===== Given records =====

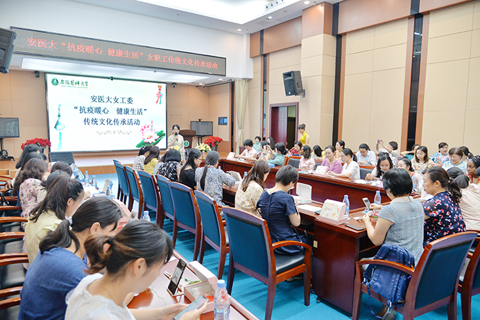 7月8日下午,学校开展“抗疫暖心、健康生活”女职工传承传统文化系列活动,大力弘扬中华优秀传统文化,引导女职工们感受传统文化魅力,提升自身内涵素养,正确缓解压力,健康生活。
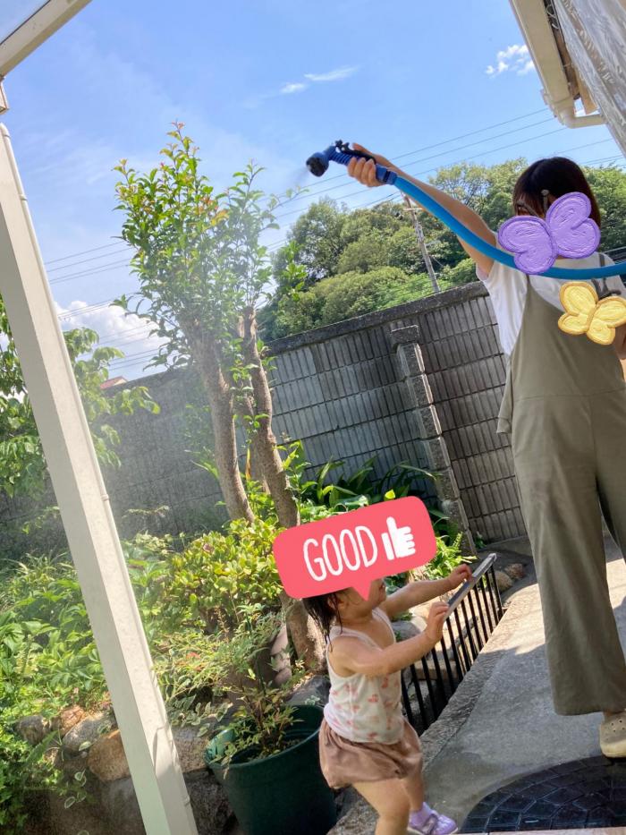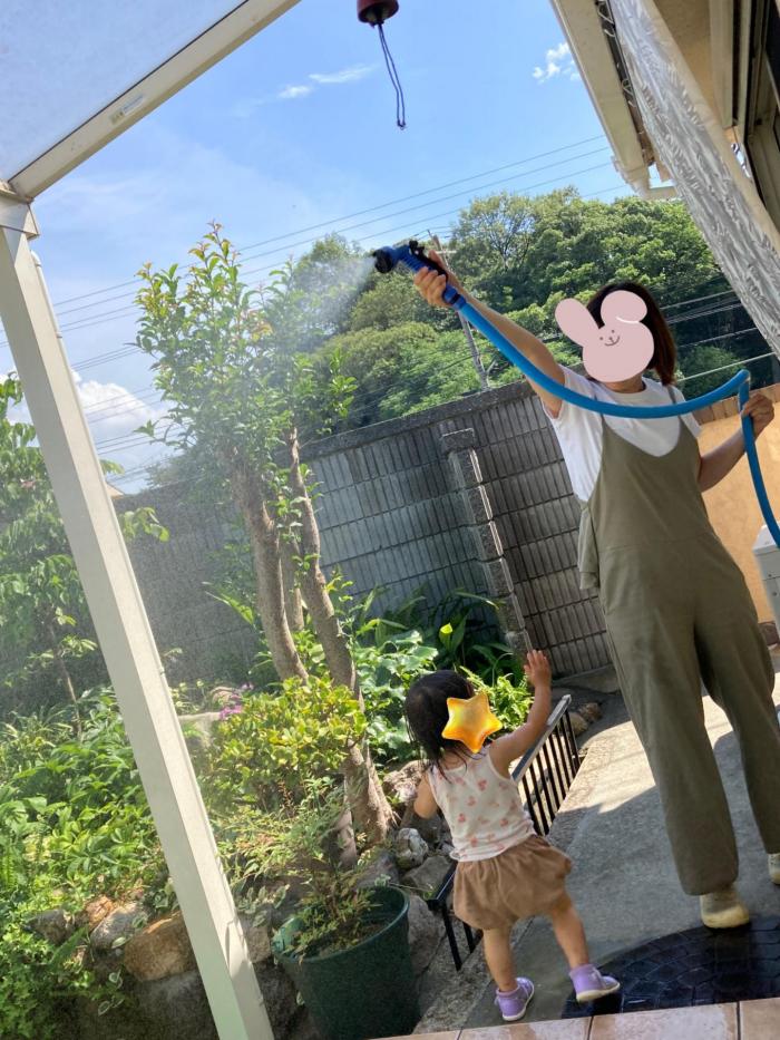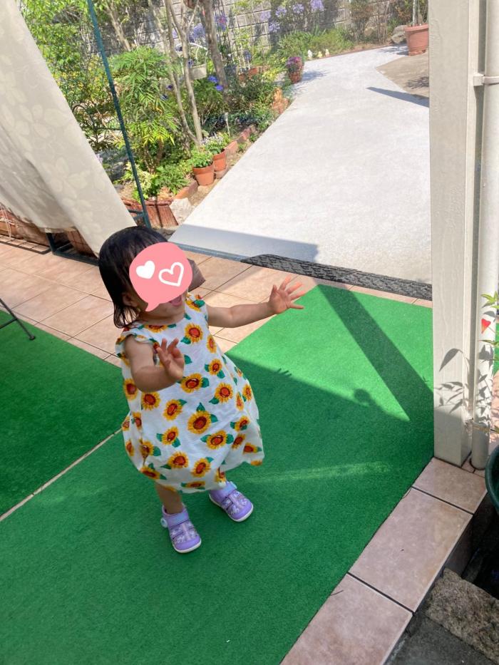 冷房の入った部屋でゆっくりしたいのは大人だけ(;’∀’)孫ちゃんはすぐに庭に出たがる(ーー;
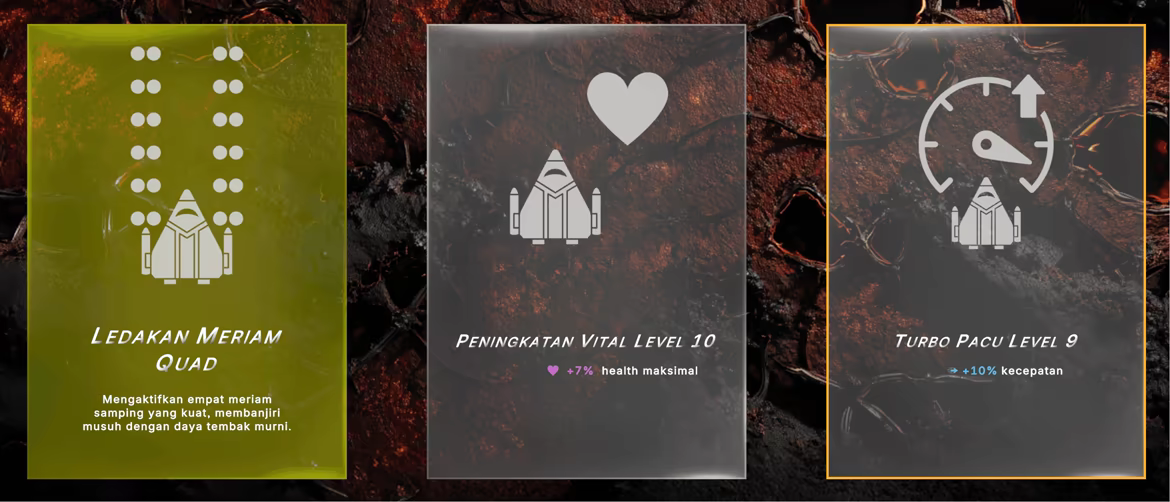 Bertempur melawan gerombolan musuh alien dan bos kolosal. Setiap pertarungan adalah ujian strategi Anda. Kumpulkan sumber daya untuk meningkatkan kapal luar angkasa Anda secara real-time. Kuasai gameplay bullet-hell pixel-perfect dan lolos dari nyaris celaka.
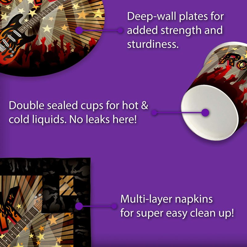 - PREMIUM DESIGN - Our Rockstar Themed Party Supplies are suitable for girl’s and boy’s birthday parties, holiday celebrations with your family and friends, special events or for just fun-filled daily meals, snacks, and desserts with picnics and cookouts. Shrieks of joy will be your reward when you use these fun and unique party tableware sets.
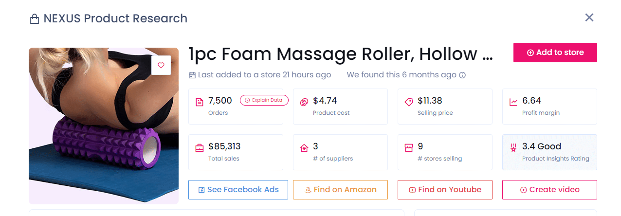 Con 7.500 pedidos y ventas en nueve tiendas populares, el Rodillo de Masaje de Espuma es un éxito rotundo. Puedes comprarlo por 4,74 $ al proveedor y venderlo por 11,38 $, obteniendo un beneficio de 6,64 $ por unidad.
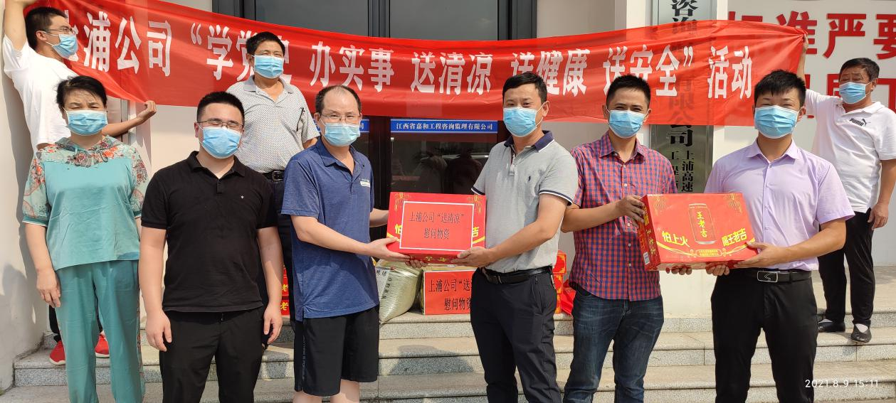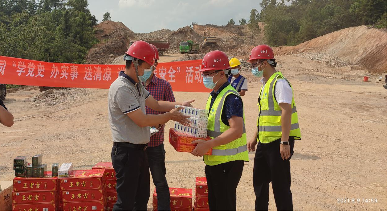 入伏以来,全市持续出现高温闷热天气,给工地上一线施工人员带来了严峻“烤验”。为了抢抓施工进度,工人们依然坚守工地、艰苦作业。为确保一线劳动者身体健康,提高施工效率,为切实把党史学习教育“我为群众办实事”主题实践活动做实做细,并有效落实以党建促生产工作,充分发挥共产党员在工程项目建设中的先锋模范作用,2021年8月9日-10日,上浦公司组织开展“学党史、办实事、送清凉、鼓干劲”慰问活动。
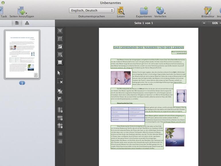 Dieses besteht aus zwei Ebenen: einer Bildebene und einer Textebene, in welcher der vom Programm erkannte Text gespeichert wird. Anhand dieser Textebene wird das PDF-Dokument dann für andere Programme oder auch Spotlight durchsuchbar. Möchtest du den Text hingegen in einem Textverarbeitungsprogramm weiter bearbeiten und auch in eine Datenbank übernehmen, dann sicher den Text in einer Textdatei, beispielsweise als RTF (Rich Text Format) oder als Word-Datei. Für den Erfolg der Texterkennung ist eine qualitätsvolle Vorlage von immenser Bedeutung. Je besser diese ist, desto höher ist die Erkennungsquote. Ein undeutliches Schriftbild, eine gewellte und geknickte oder auch fleckige Vorlage macht es dem Scanner und dem verwendeten Programm sehr schwer, den Text zu erkennen. Dasselbe gilt für unscharfe oder ungleichmäßig belichtete Fotos. Zwar besitzen die meisten Programme oder Apps Funktionen, nicht oder falsch erkannte Zeichen selbst zu verbessern oder zu ergänzen, Wunder kannst du dabei aber keine erwarten.
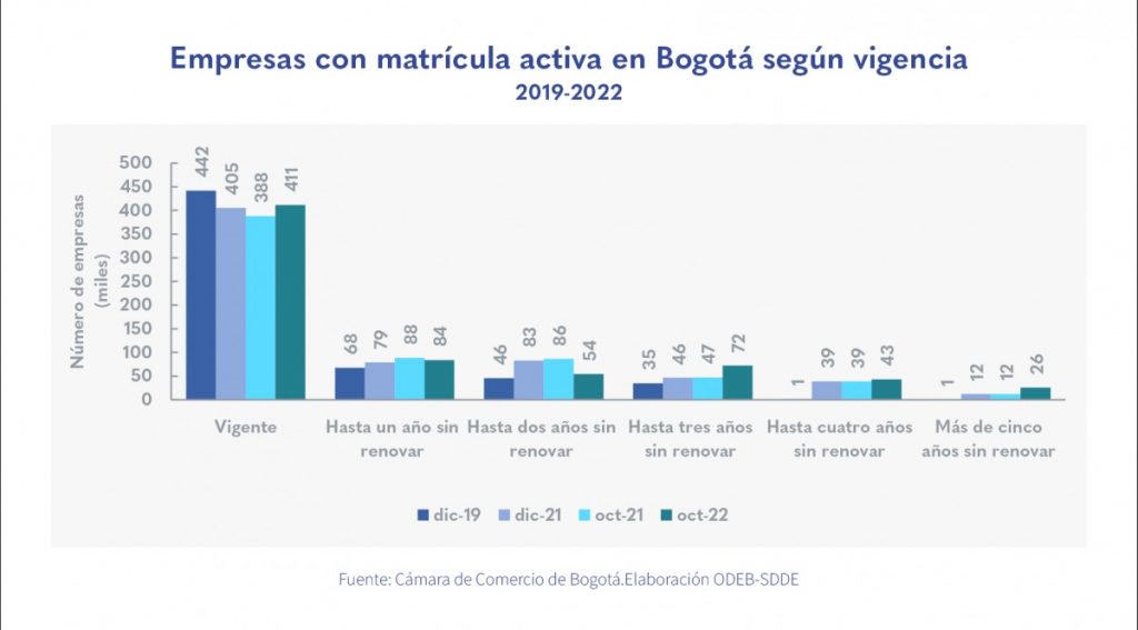 En octubre de 2022, las empresas con matrícula mercantil vigente crecieron 6,1 %
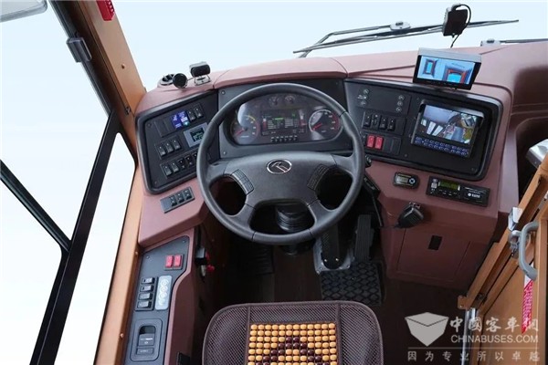 驾驶舱将复古美感与现代科技的结合展现得淋漓尽致,保留当下公交车驾驶舱布局,液晶显示等现代辅助设备镶嵌于复古风格之中,让驾驶员在不改变操作习惯的同时唤醒时代记忆,再次驭见经典。
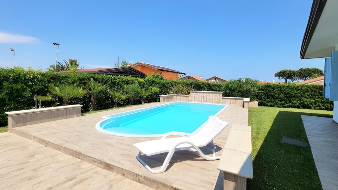 La piscina di recente realizzazione, così come l’intera pavimentazione esterna ben inserita nel grande giardino privato, per una proprietà totale di 680 mq.
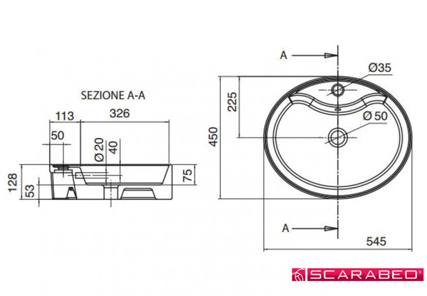 Νιπτήρας Μπάνιου Scarabeo In-Out 8021 Ø39.5cm
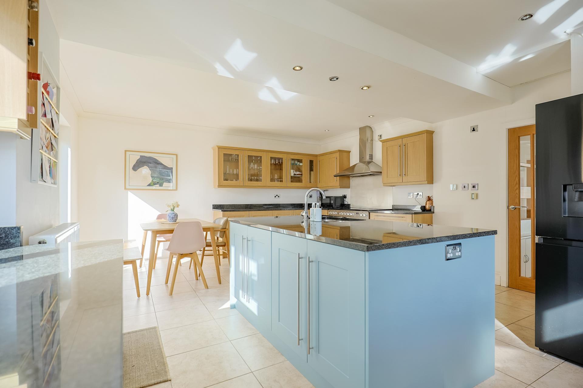 The heart of the home is the stunning kitchen/diner, a beautifully large space flooded with natural light from dual windows and double patio doors to the side. Tiled flooring and spot lighting enhance this stylish and functional area. The kitchen is equipped with an array of wall and base units topped with granite worktops, a NEXUS SE double oven/grill, a three-ring electric induction hob with a hot plate, and a Britannia extractor fan. A desirable kitchen island provides extra storage granite worktops, a double stainless-steel sink with a swan tap, a Beko dishwasher, generous dining space, and a pantry with shelving, a frosted window to the WC, and access to the front of the property.

=====

• **Work order**
Your reply should consist solely of the lines above from the line containing "- PREMIUM DESIGN" up to and including the line containing "驾驶舱将复古美感与现代科技的", reproduced exactly, minus the pictures.

• **Output of the task**
 - PREMIUM DESIGN - Our Rockstar Themed Party Supplies are suitable for girl’s and boy’s birthday parties, holiday celebrations with your family and friends, special events or for just fun-filled daily meals, snacks, and desserts with picnics and cookouts. Shrieks of joy will be your reward when you use these fun and unique party tableware sets.
 Con 7.500 pedidos y ventas en nueve tiendas populares, el Rodillo de Masaje de Espuma es un éxito rotundo. Puedes comprarlo por 4,74 $ al proveedor y venderlo por 11,38 $, obteniendo un beneficio de 6,64 $ por unidad.
 入伏以来,全市持续出现高温闷热天气,给工地上一线施工人员带来了严峻“烤验”。为了抢抓施工进度,工人们依然坚守工地、艰苦作业。为确保一线劳动者身体健康,提高施工效率,为切实把党史学习教育“我为群众办实事”主题实践活动做实做细,并有效落实以党建促生产工作,充分发挥共产党员在工程项目建设中的先锋模范作用,2021年8月9日-10日,上浦公司组织开展“学党史、办实事、送清凉、鼓干劲”慰问活动。
 Dieses besteht aus zwei Ebenen: einer Bildebene und einer Textebene, in welcher der vom Programm erkannte Text gespeichert wird. Anhand dieser Textebene wird das PDF-Dokument dann für andere Programme oder auch Spotlight durchsuchbar. Möchtest du den Text hingegen in einem Textverarbeitungsprogramm weiter bearbeiten und auch in eine Datenbank übernehmen, dann sicher den Text in einer Textdatei, beispielsweise als RTF (Rich Text Format) oder als Word-Datei. Für den Erfolg der Texterkennung ist eine qualitätsvolle Vorlage von immenser Bedeutung. Je besser diese ist, desto höher ist die Erkennungsquote. Ein undeutliches Schriftbild, eine gewellte und geknickte oder auch fleckige Vorlage macht es dem Scanner und dem verwendeten Programm sehr schwer, den Text zu erkennen. Dasselbe gilt für unscharfe oder ungleichmäßig belichtete Fotos. Zwar besitzen die meisten Programme oder Apps Funktionen, nicht oder falsch erkannte Zeichen selbst zu verbessern oder zu ergänzen, Wunder kannst du dabei aber keine erwarten.
 En octubre de 2022, las empresas con matrícula mercantil vigente crecieron 6,1 %
 驾驶舱将复古美感与现代科技的结合展现得淋漓尽致,保留当下公交车驾驶舱布局,液晶显示等现代辅助设备镶嵌于复古风格之中,让驾驶员在不改变操作习惯的同时唤醒时代记忆,再次驭见经典。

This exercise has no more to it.